Perhaps, after all his failed attempts on my life, Blair had realized his mistake, and instead of coming at me himself, he had resorted to sending soldiers on his behalf. But I had to be sure that this was indeed Blair’s doing. It could very well be someone else.
“Will, duck!” Alexis whispered just in time. As I ducked, I saw from behind the thicket that there were no less than fifteen soldiers, similarly armored and armed, walking in a progression through the forest path, all of them wielding those electrical zapping guns, all of them marching in that mechanical way that resembled the movements of a robot.
“An entire patrol,” I whispered back to her. “It’s too much for us to take on right now.”
“Agreed. Let’s just wait for them to pass and then head to the commune.”
As we stayed there, hidden from the sights of the soldiers, I thought more about what this meant. Was this perhaps the first part of a series of attacks against the werewolves? These sorts of things did happen in life. Whenever one stronghold fell, another power took its place. The last of the vampires had been beaten and eliminated, creating a power vacuum that was now being filled by these soldiers and their mysterious leader.

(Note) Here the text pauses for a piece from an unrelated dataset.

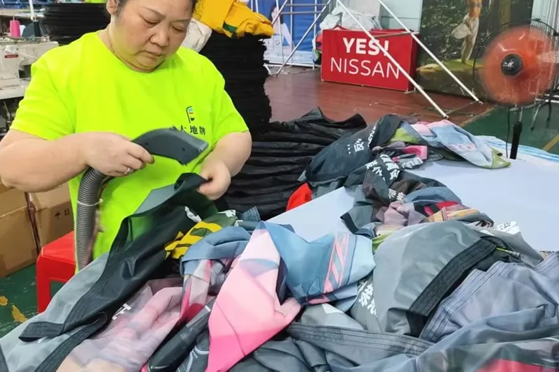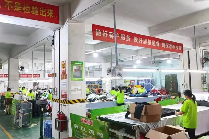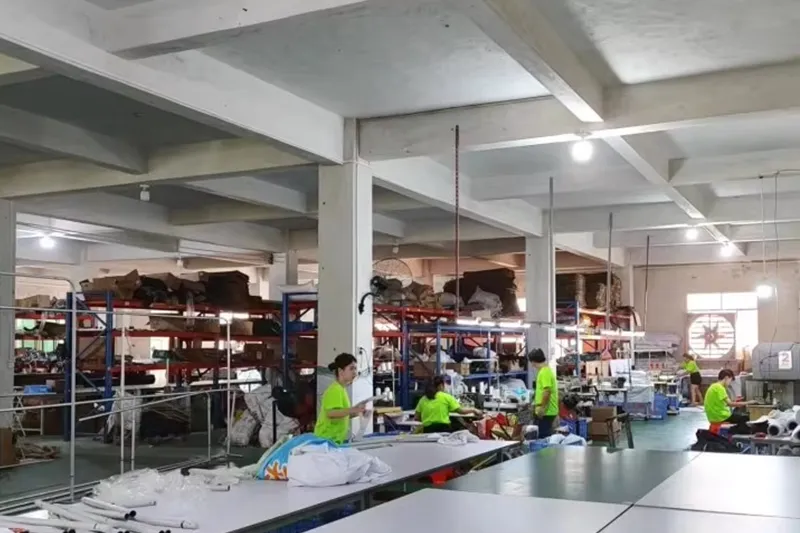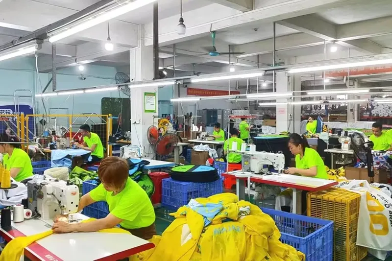 कार्यशाळा 10, 800 SQM, 130+ कर्मचारी, 20+ डिझायनर्स टीम, $5, 000, 000 फिक्स्ड ॲसेट मशीन, 50+ सेट मेटल प्रोसेसिंग मशीन, 100+ सेट्स फॅब्रिक आणि प्रिंटिंग मशीन, 1000000+ पोर्ट सेट्स 9% कस्टम ऑर्डर,

“Will, we can take ‘em,” Alexis said.
“How do you suggest that? We barely beat one of them. There are fifteen out there,” I said. As much as I preferred fighting bravely over hiding, there was no chance that just the two of us could beat all of those soldiers together unless we had some powerful weapon at hand.
Alexis flailed the dead soldier’s gauntlet in the air, saying, “We can use this.”
“Or we can simply use this,” I said. Her suggestion gave me an amazing idea. There were grenades, although not like the ones that I’d ever seen, attached to the dead soldier’s belt.
“Grenades?”
“Why not? It’s not like he’s going to need it,” I said.
“Very well.”
And so, just as the soldiers were passing the intersection where we were hiding, Alexis and I took off the grenades around the soldier’s belt and tossed four of them at the same time by pulling their pins.
There was a brief moment when the grenades did not explode, and the soldiers looked in our direction with their guns aimed at the thicket behind which we were hiding. And then, in the next second, four powerful grenades blew up and created a chain reaction by blowing up all the grenades and explosives on all the soldiers’ belts, completely flattening the entire intersection by destroying the trees in a blaze of fire.
When the dust and smoke settled, the only thing that remained of all the soldiers were pieces of their tattered armor.